*Given information*
+--

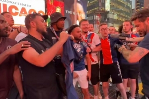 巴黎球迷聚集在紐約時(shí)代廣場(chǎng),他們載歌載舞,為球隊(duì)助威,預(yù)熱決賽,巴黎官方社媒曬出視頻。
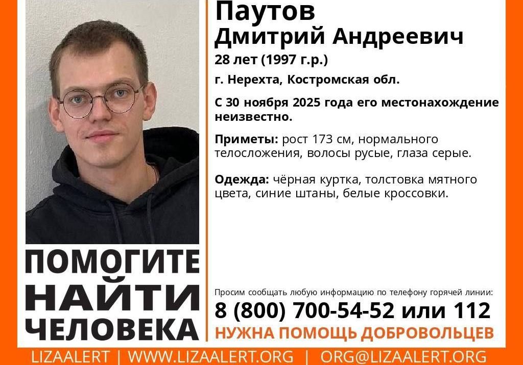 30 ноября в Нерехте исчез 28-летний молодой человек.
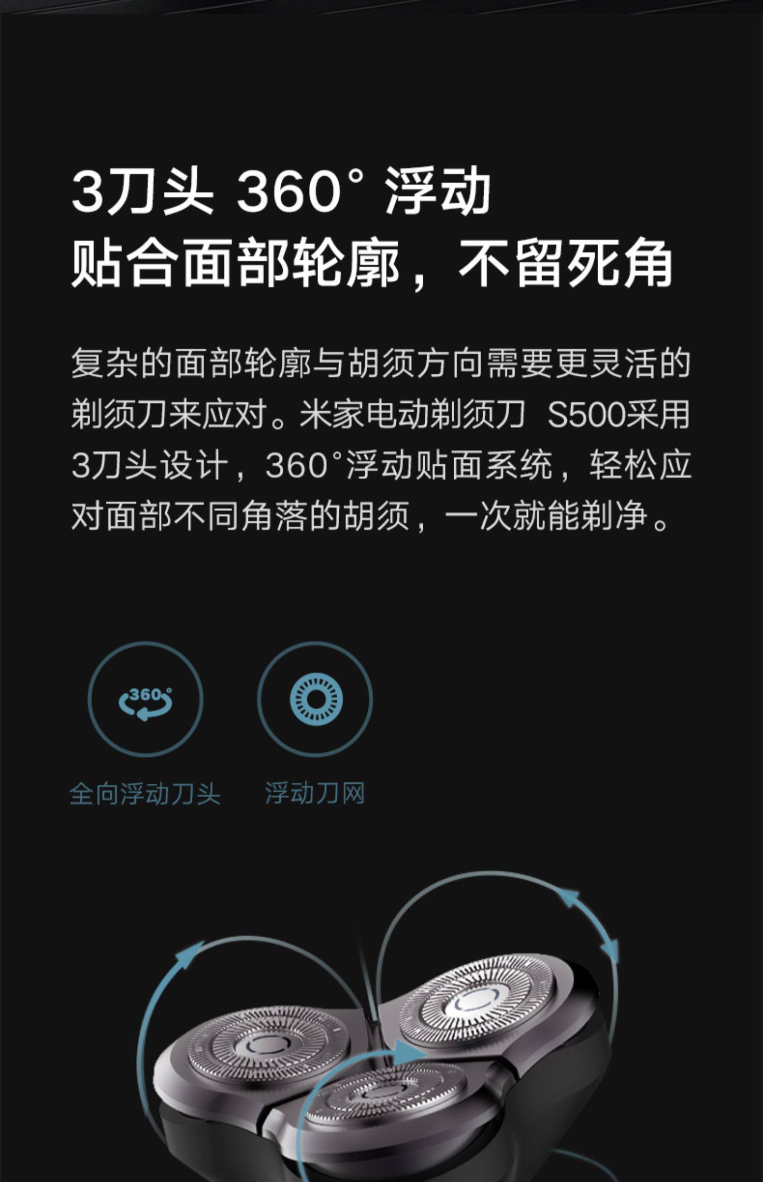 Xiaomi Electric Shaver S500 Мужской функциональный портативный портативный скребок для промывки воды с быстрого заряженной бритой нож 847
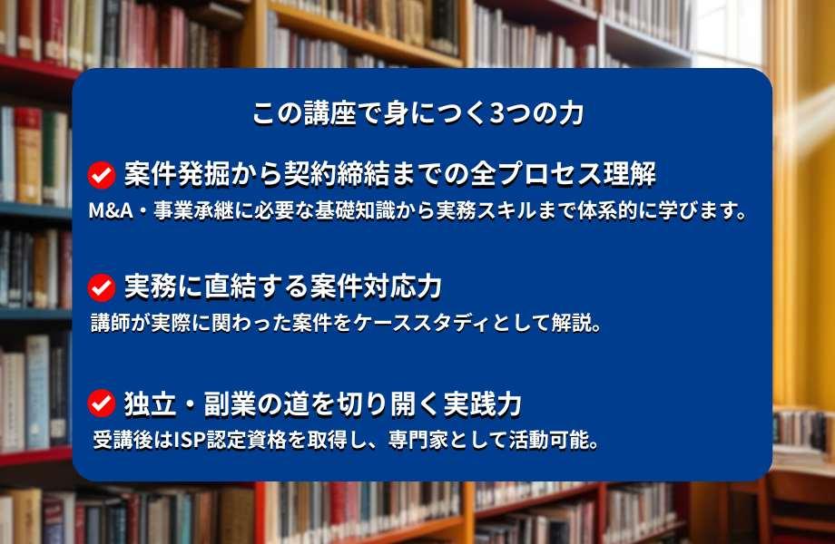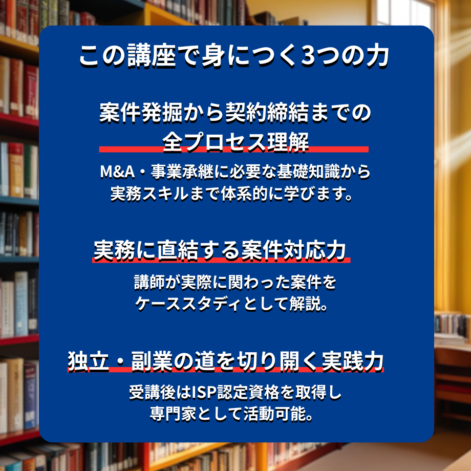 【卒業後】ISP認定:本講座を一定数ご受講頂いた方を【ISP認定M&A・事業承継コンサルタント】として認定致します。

+--

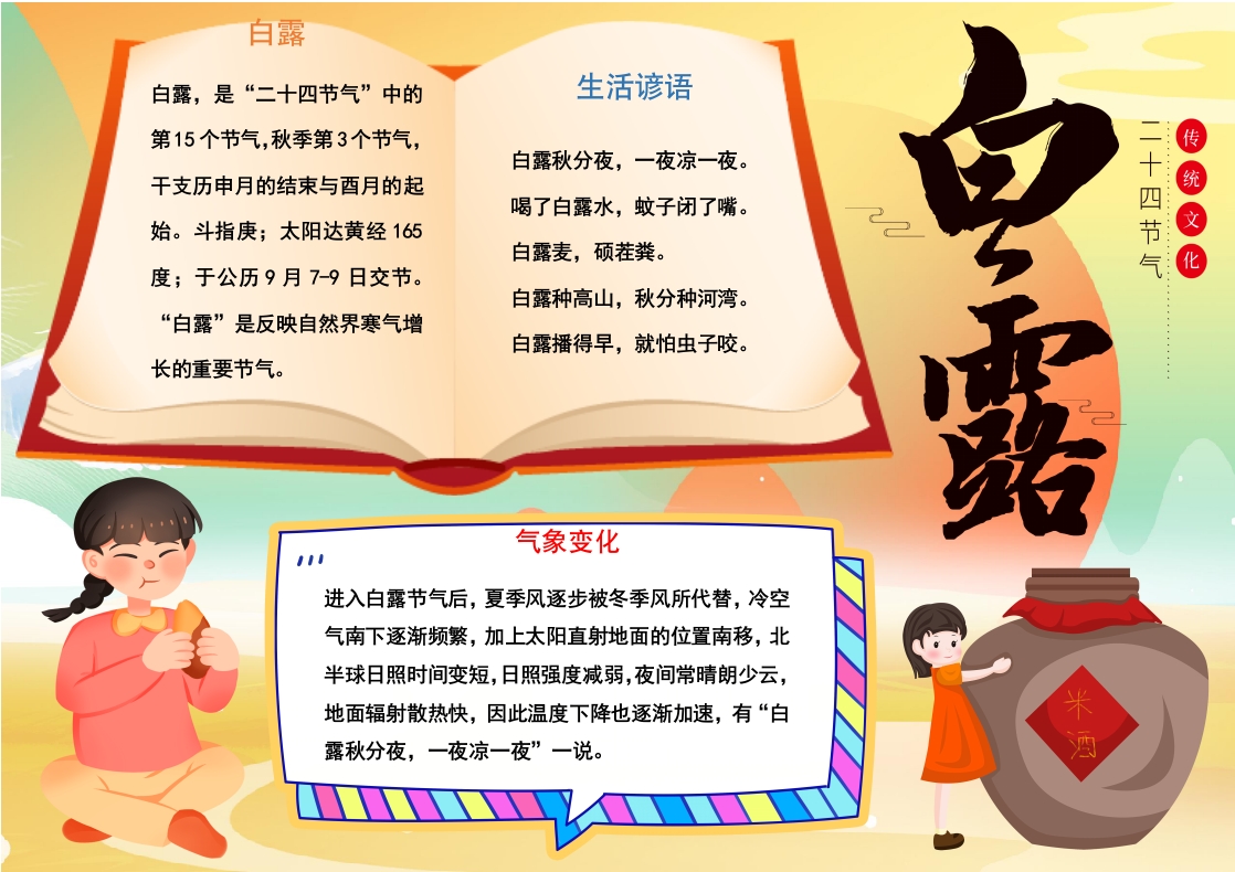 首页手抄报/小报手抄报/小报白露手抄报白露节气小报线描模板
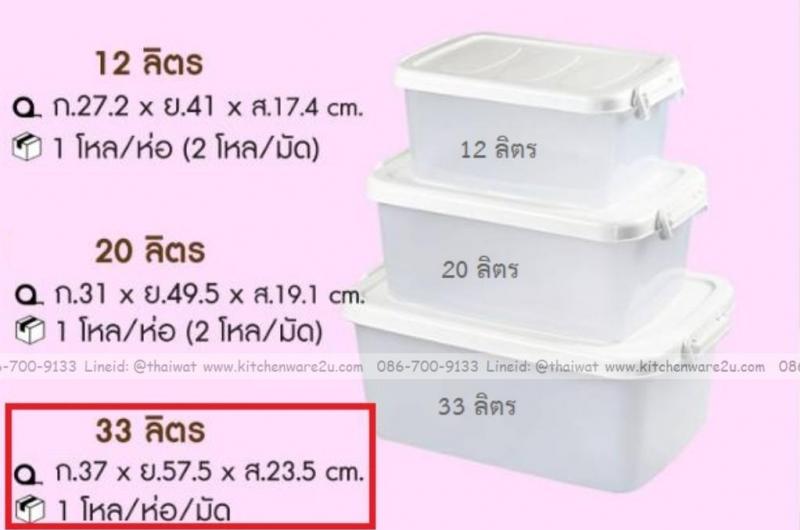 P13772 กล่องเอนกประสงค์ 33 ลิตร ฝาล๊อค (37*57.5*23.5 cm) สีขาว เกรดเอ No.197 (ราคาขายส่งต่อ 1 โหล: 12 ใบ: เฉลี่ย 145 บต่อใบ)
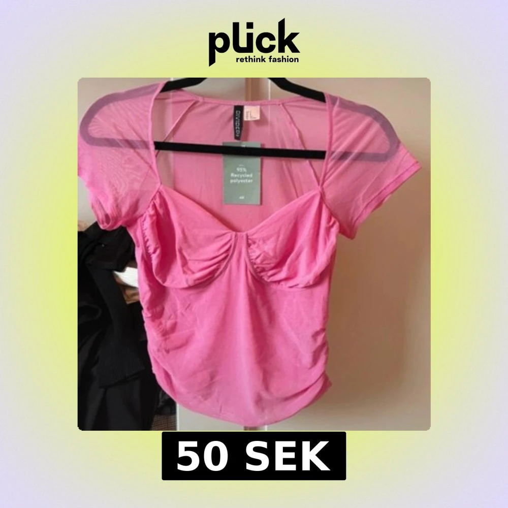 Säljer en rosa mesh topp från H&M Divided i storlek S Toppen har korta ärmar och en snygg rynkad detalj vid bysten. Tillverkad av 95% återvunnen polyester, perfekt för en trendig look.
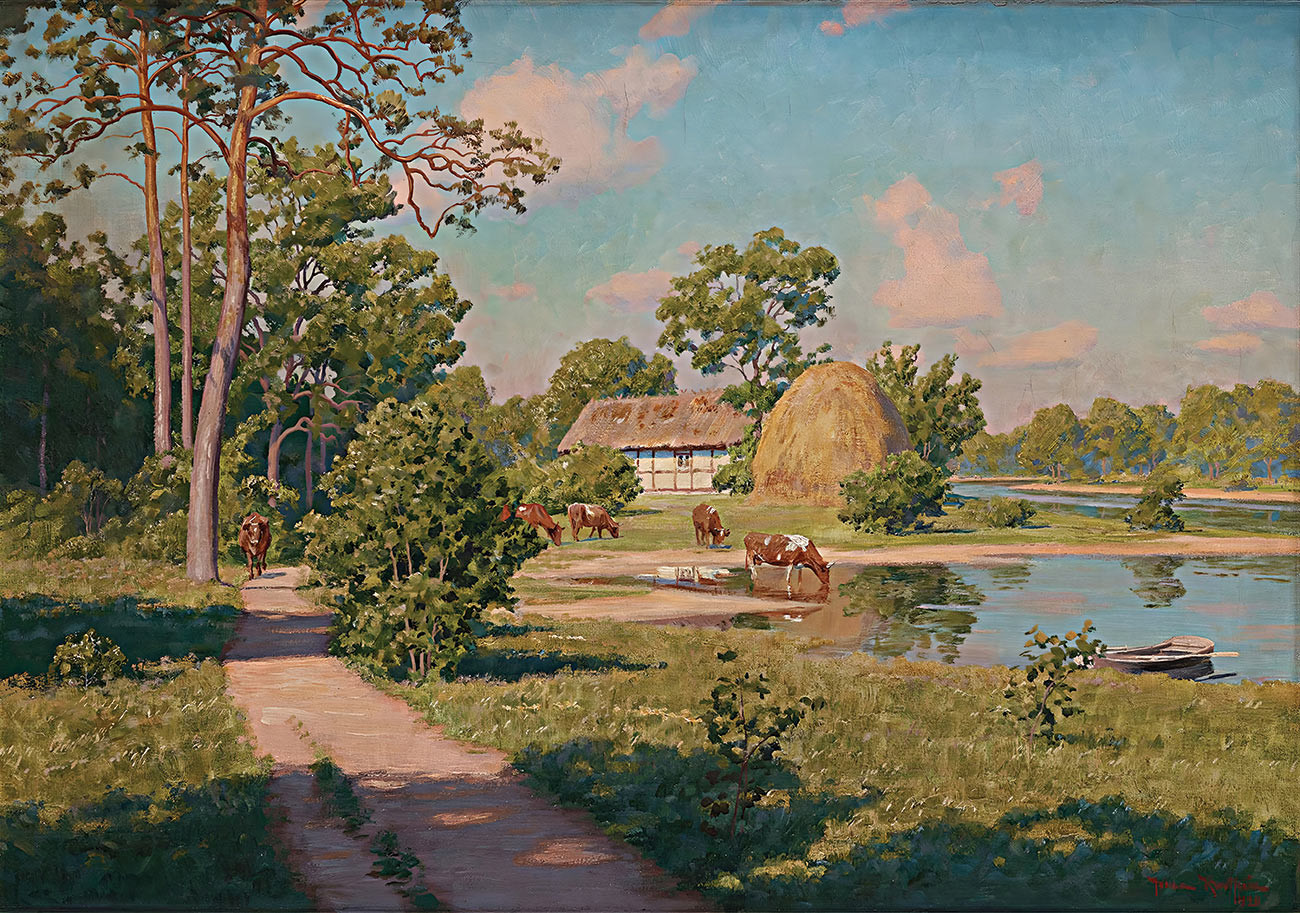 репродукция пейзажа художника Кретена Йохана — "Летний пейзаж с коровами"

+--

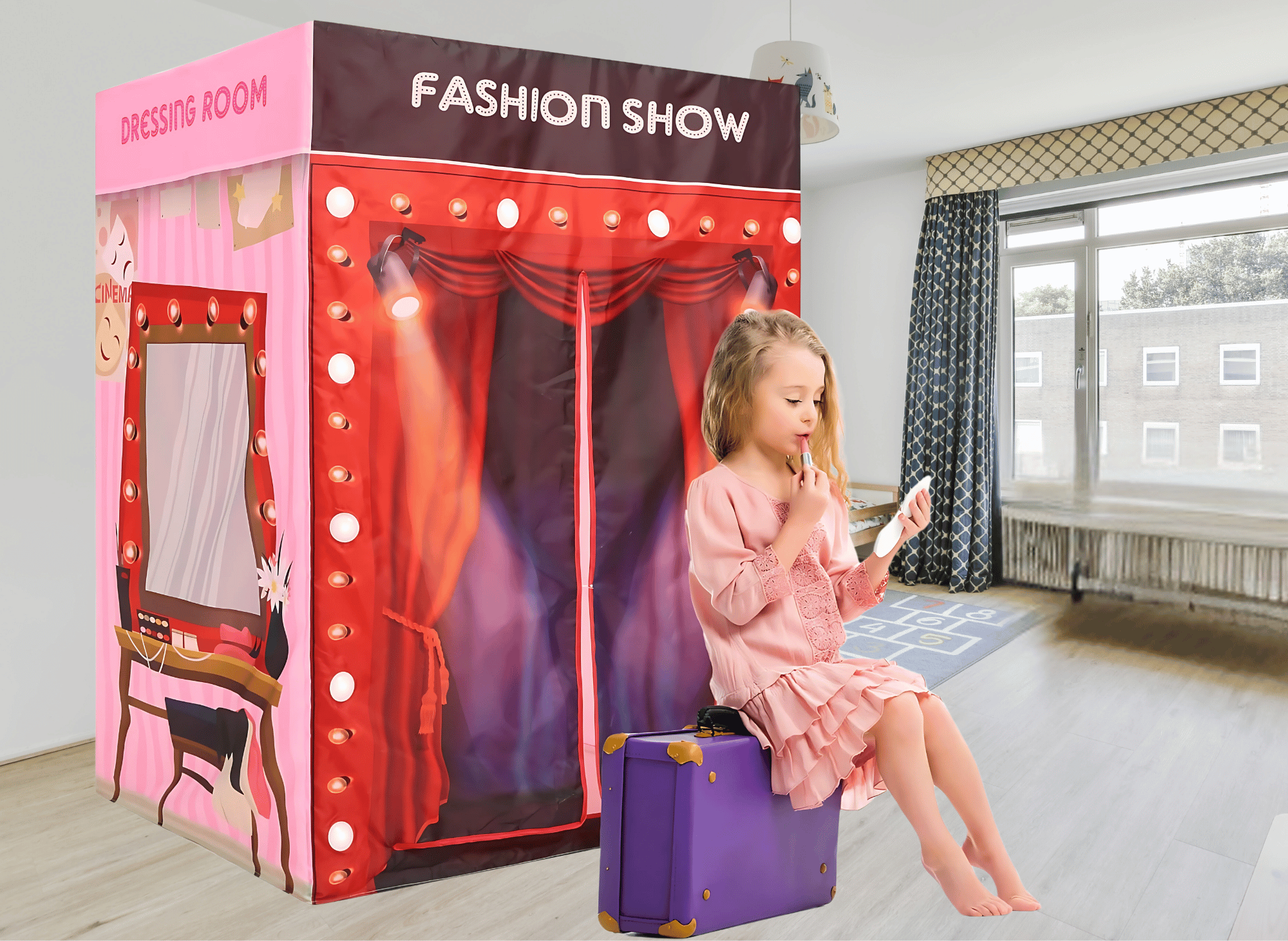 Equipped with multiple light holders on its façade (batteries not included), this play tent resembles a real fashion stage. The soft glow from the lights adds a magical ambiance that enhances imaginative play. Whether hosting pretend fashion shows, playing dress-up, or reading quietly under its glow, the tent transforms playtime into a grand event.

+--

*What the exercise asks*
Looking at the listing above, which lines run from the one containing "首页手抄报/小报手抄报/小报白露手抄报白露节气小报线描模板" through the one containing "репродукция пейзажа художника"? Print exactly those, ends included, pictures excluded.

*Solution*
 首页手抄报/小报手抄报/小报白露手抄报白露节气小报线描模板
 P13772 กล่องเอนกประสงค์ 33 ลิตร ฝาล๊อค (37*57.5*23.5 cm) สีขาว เกรดเอ No.197 (ราคาขายส่งต่อ 1 โหล: 12 ใบ: เฉลี่ย 145 บต่อใบ)
 Säljer en rosa mesh topp från H&M Divided i storlek S Toppen har korta ärmar och en snygg rynkad detalj vid bysten. Tillverkad av 95% återvunnen polyester, perfekt för en trendig look.
 репродукция пейзажа художника Кретена Йохана — "Летний пейзаж с коровами"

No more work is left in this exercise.